__Goal of the exercise__: With pictures removed, output every record below exactly as written.

__Recorded data__:
*** Block opens ***

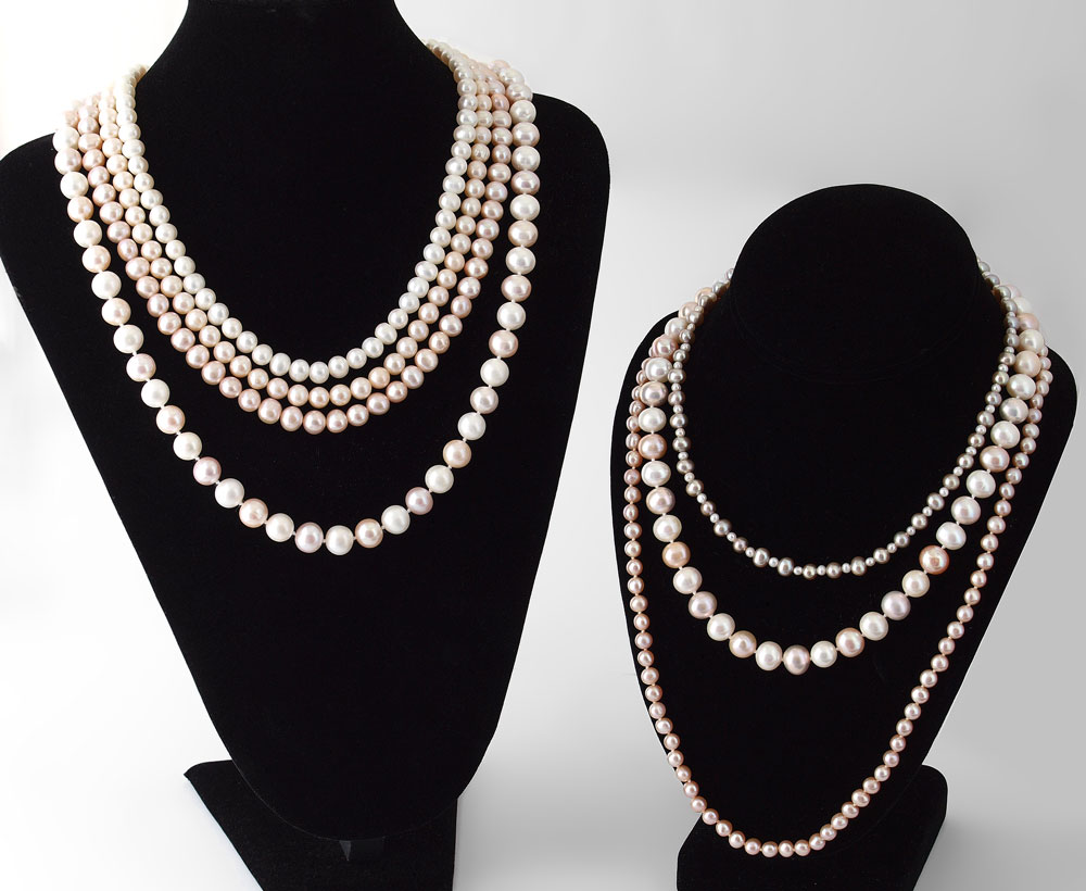 5 PINK FRESH WATER CULTURED PEARL NECKLACES: The longest being 21''. Size of pearls range from 3-10 mm. 14K gold and sterling clasps.
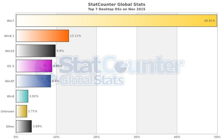 Несмотря на нарекания со стороны некоторых пользователей, Windows 10 продолжает наращивать свою долю на мировом рынке. Согласно последним данным StatCounter, она установлена уже на 9,8 % компьютеров, что ставит её на третье место среди самых популярных операционных систем для ПК. Позади остались OS X (8,95 %) и Windows XP (8,6 %), а впереди только Windows 8.1 (13,1 %) и Windows 7 (49,9 %).
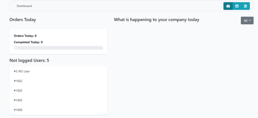εμφανίζει τις σημερινές παραγγελίες, πόσες ολοκληρώθηκαν σήμερα και ποιοί είναι οι μη συνδεδεμένοι χρήστες.
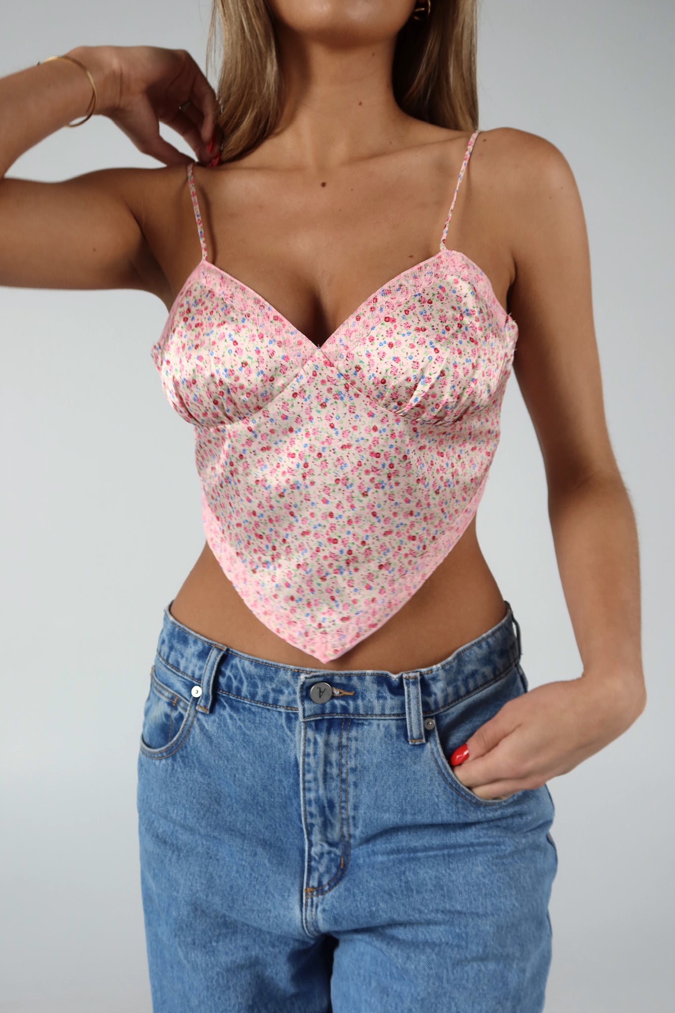 Our Blakely Bandana Top is a silky cropped tank with an asymmetrical hemline. This top features a dainty floral pattern all throughout, a v-neck neckline with ribbon lace along the neckline, and thin adjustable straps. The back of this top is open with an adjustable thin self tie closure.
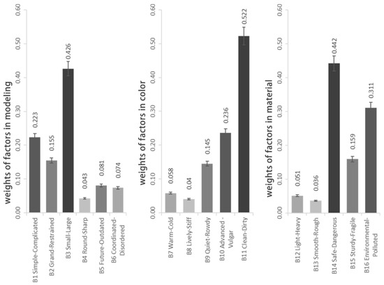 19]. Nowadays, the fuzzy AHP has been widely used in the field of product design. For example, Hsiao evaluated the color schemes of cars based on this method. He also conducted a weight analysis of the elements in bicycle exterior design, where different design schemes were then subjected to fuzzy evaluation to determine the optimal design elements [
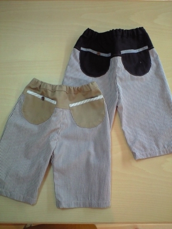 サイズ違いです。兄弟でお揃い…なんてどうでしょうか?同布でママサイズのパンツも作りました。
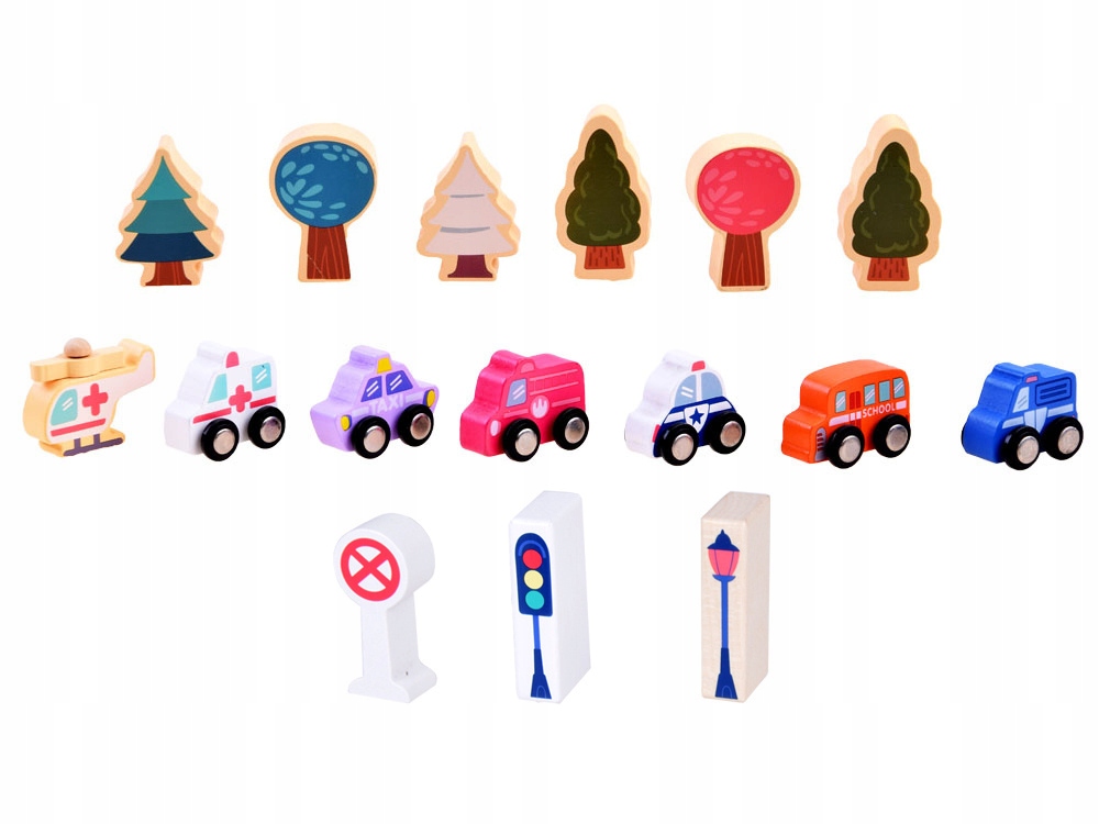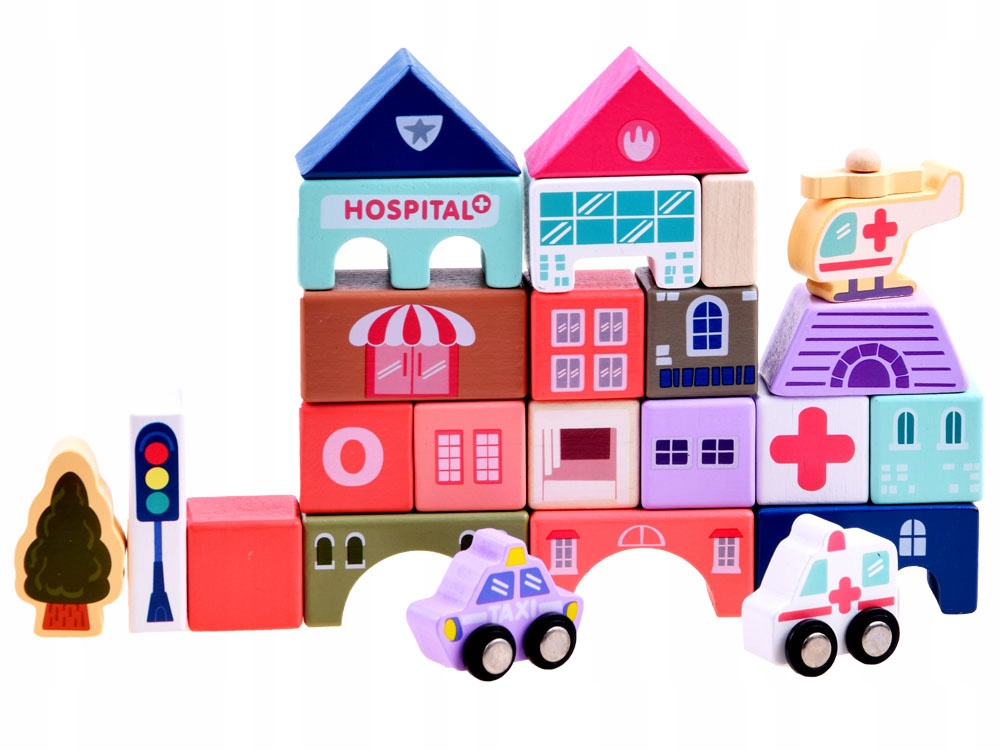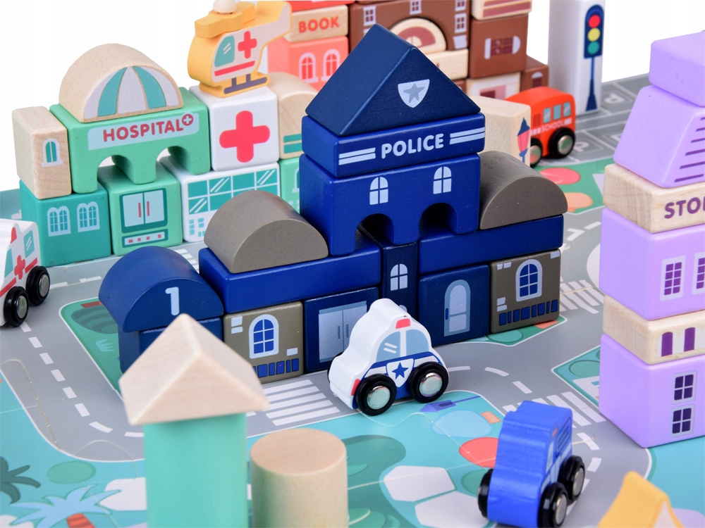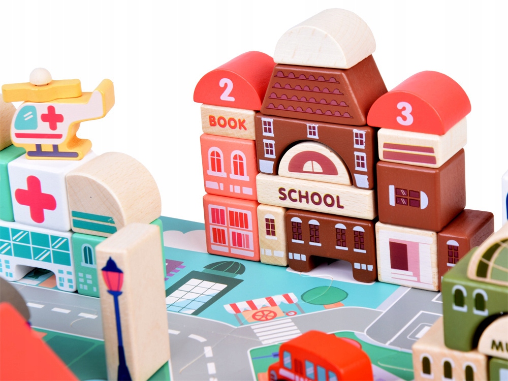 Każdy element został starannie pomalowany bezpieczną farbą dla dzieci. Wiele klocków posiada precyzyjne rysunki, napisy i literki, co czyni je atrakcyjnymi wizualnie dla dzieci i dorosłych.
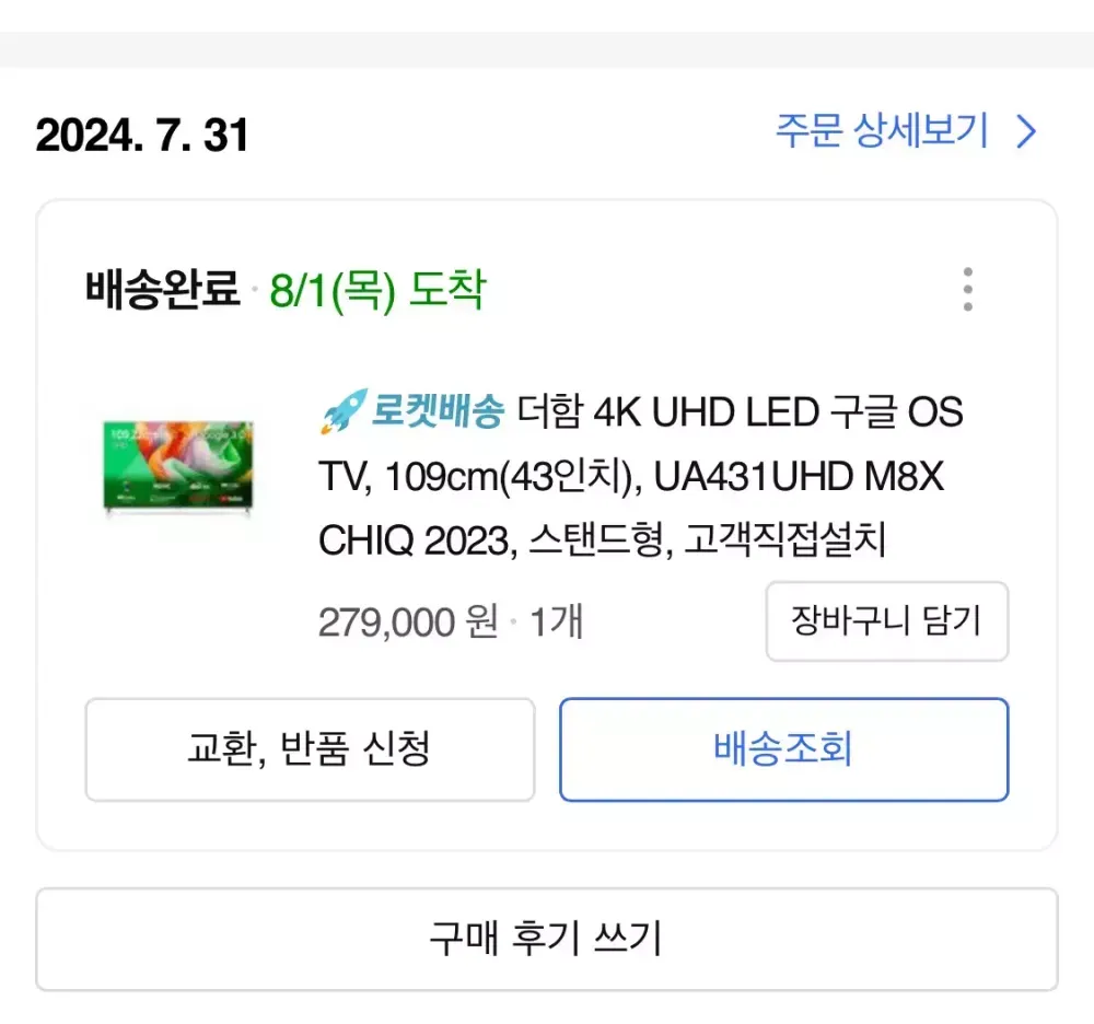 8/1에 쿠팡에서 산 더함 치크(chiq) 43인치 팝니다. 2주 정도 쓰고 박스에 넣어두었습니다. UA431UHD M8X CHIQ 2023 모델입니다. 수원에서 직거래 합니다~

*** Block closes ***

__Response box__:
 5 PINK FRESH WATER CULTURED PEARL NECKLACES: The longest being 21''. Size of pearls range from 3-10 mm. 14K gold and sterling clasps.
 Несмотря на нарекания со стороны некоторых пользователей, Windows 10 продолжает наращивать свою долю на мировом рынке. Согласно последним данным StatCounter, она установлена уже на 9,8 % компьютеров, что ставит её на третье место среди самых популярных операционных систем для ПК. Позади остались OS X (8,95 %) и Windows XP (8,6 %), а впереди только Windows 8.1 (13,1 %) и Windows 7 (49,9 %).
εμφανίζει τις σημερινές παραγγελίες, πόσες ολοκληρώθηκαν σήμερα και ποιοί είναι οι μη συνδεδεμένοι χρήστες.
 Our Blakely Bandana Top is a silky cropped tank with an asymmetrical hemline. This top features a dainty floral pattern all throughout, a v-neck neckline with ribbon lace along the neckline, and thin adjustable straps. The back of this top is open with an adjustable thin self tie closure.
 19]. Nowadays, the fuzzy AHP has been widely used in the field of product design. For example, Hsiao evaluated the color schemes of cars based on this method. He also conducted a weight analysis of the elements in bicycle exterior design, where different design schemes were then subjected to fuzzy evaluation to determine the optimal design elements [
 サイズ違いです。兄弟でお揃い…なんてどうでしょうか?同布でママサイズのパンツも作りました。
 Każdy element został starannie pomalowany bezpieczną farbą dla dzieci. Wiele klocków posiada precyzyjne rysunki, napisy i literki, co czyni je atrakcyjnymi wizualnie dla dzieci i dorosłych.
 8/1에 쿠팡에서 산 더함 치크(chiq) 43인치 팝니다. 2주 정도 쓰고 박스에 넣어두었습니다. UA431UHD M8X CHIQ 2023 모델입니다. 수원에서 직거래 합니다~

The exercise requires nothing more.